The Cretaceous-Paleogene mass extinction (K-PG) is one of the most widely studied crises of the Phanerozoic, with most work focusing on the impact on specific taxonomic groups. A more complete understanding of the ecological implications of the K-PG and the subsequent reorganization in its aftermath requires a community-wide approach. Here, we lay the groundwork to carry out such an approach by compiling a dataset of 7 Late Cretaceous (Maastrichtian) and 3 Early Paleocene (Danian) marine paleocommunities spanning the K-PG boundary from the Lopez de Bertodano Formation of Seymour Island, Antarctica. Species richness declined from 344 to 155 species, while functional guild richness declined from 57 to 29 across the K-PG boundary. Nektonic predator guilds were heavily affected, including those containing sharks, fish, marine reptiles, and ammonites. Danian communities showed a slight rebound of species richness (210 species), but a further decrease of the number of guilds (22).

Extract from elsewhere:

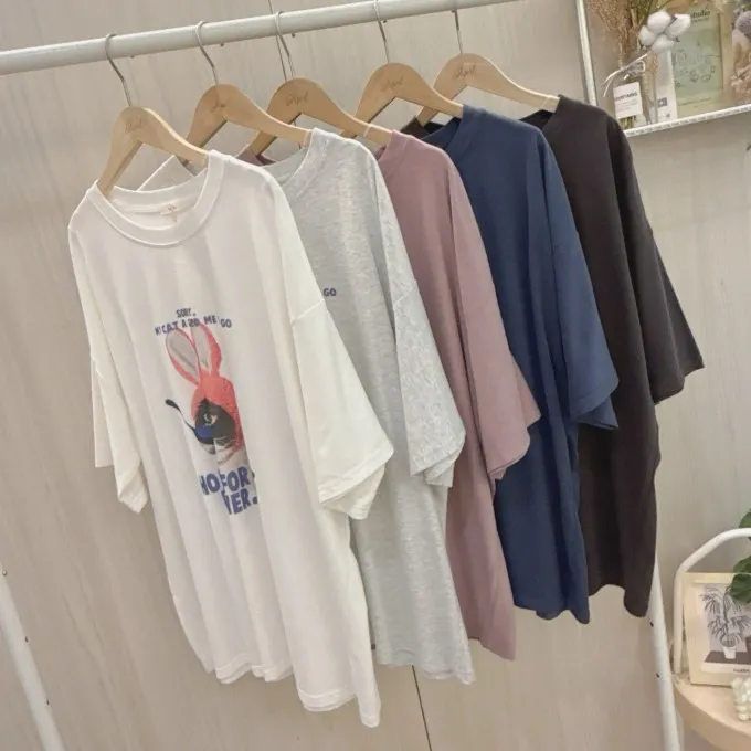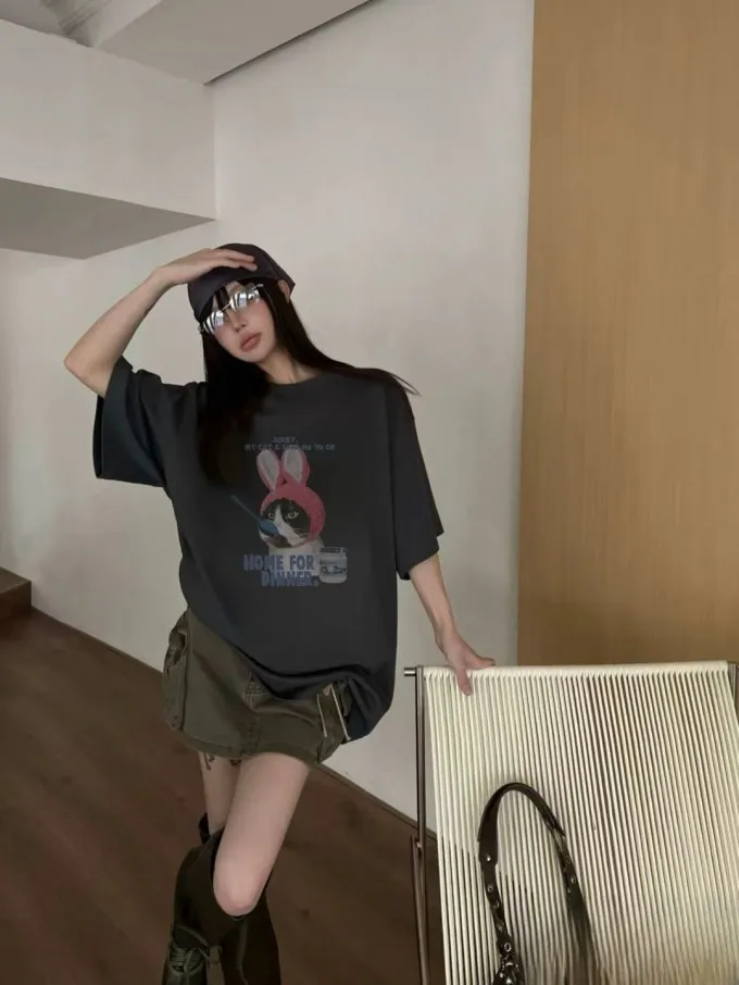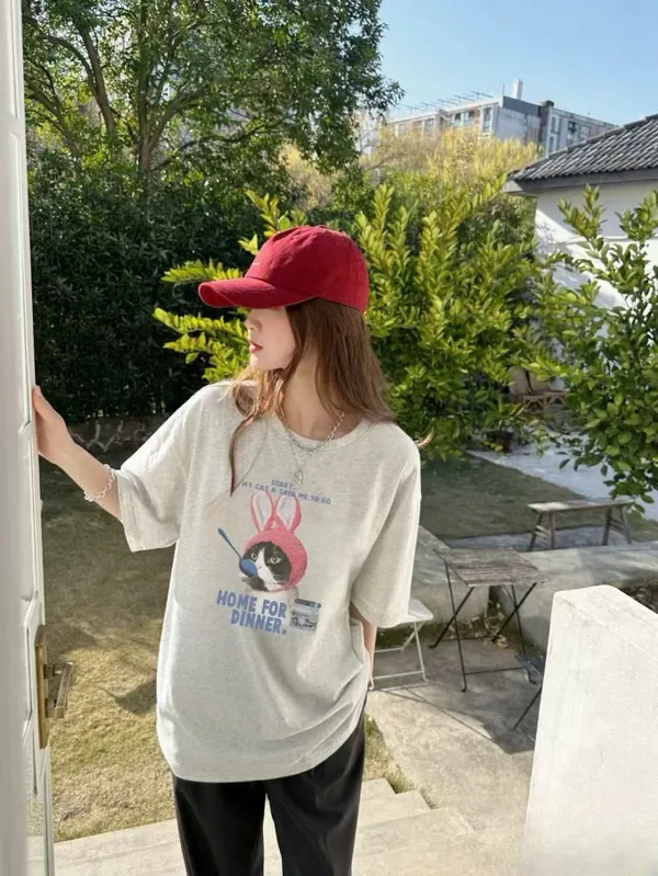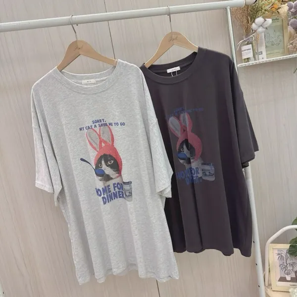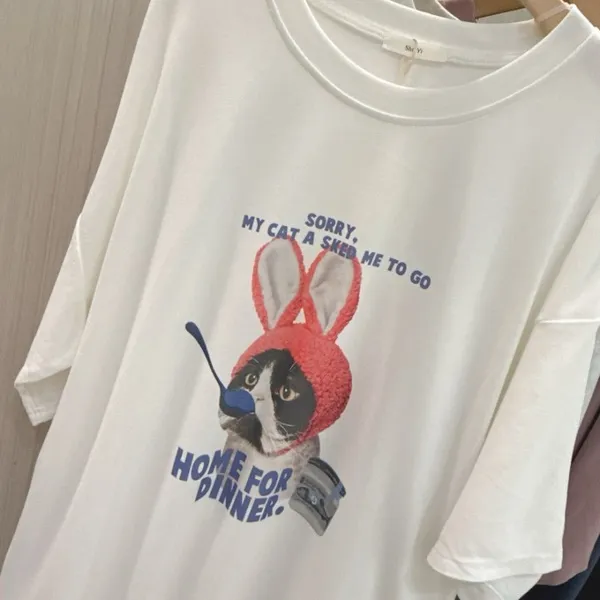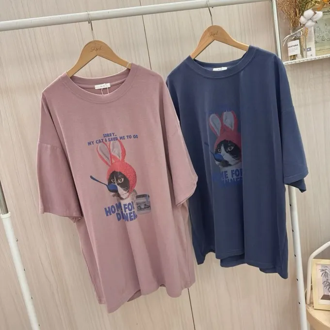 帽貓咪磨毛大版tee_C19

Consistent with a hypothesized environmental perturbation during the K-PG, each community was tested for its dynamic response to primary productivity collapse, which allowed us to identify a dramatic shift in the ecological dynamics of communities coincident with the K-PG. 1000 species level food webs were simulated for each community and the fraction of species that became secondarily extinct as a result of increasing levels of primary productivity collapse was estimated using the Cascading Extinction on Graphs model. Pre-extinction communities exposed to low levels of perturbation (< 70% of productivity) yielded uniformly low levels of secondary extinction (< 10%). Conversely, post-extinction communities behaved less uniformly, with greater variance of secondary extinction at all levels of perturbation. These results suggest that under normal conditions of environmental disturbance the pre-extinction communities would have been significantly less susceptible to secondary extinction than the post-extinction communities. Additionally, pre-extinction communities yielded high levels of secondary extinction relative to post-extinction communities at high levels of perturbation, suggesting that the extinction may have conditioned communities that were more capable of enduring mass extinction scale perturbations.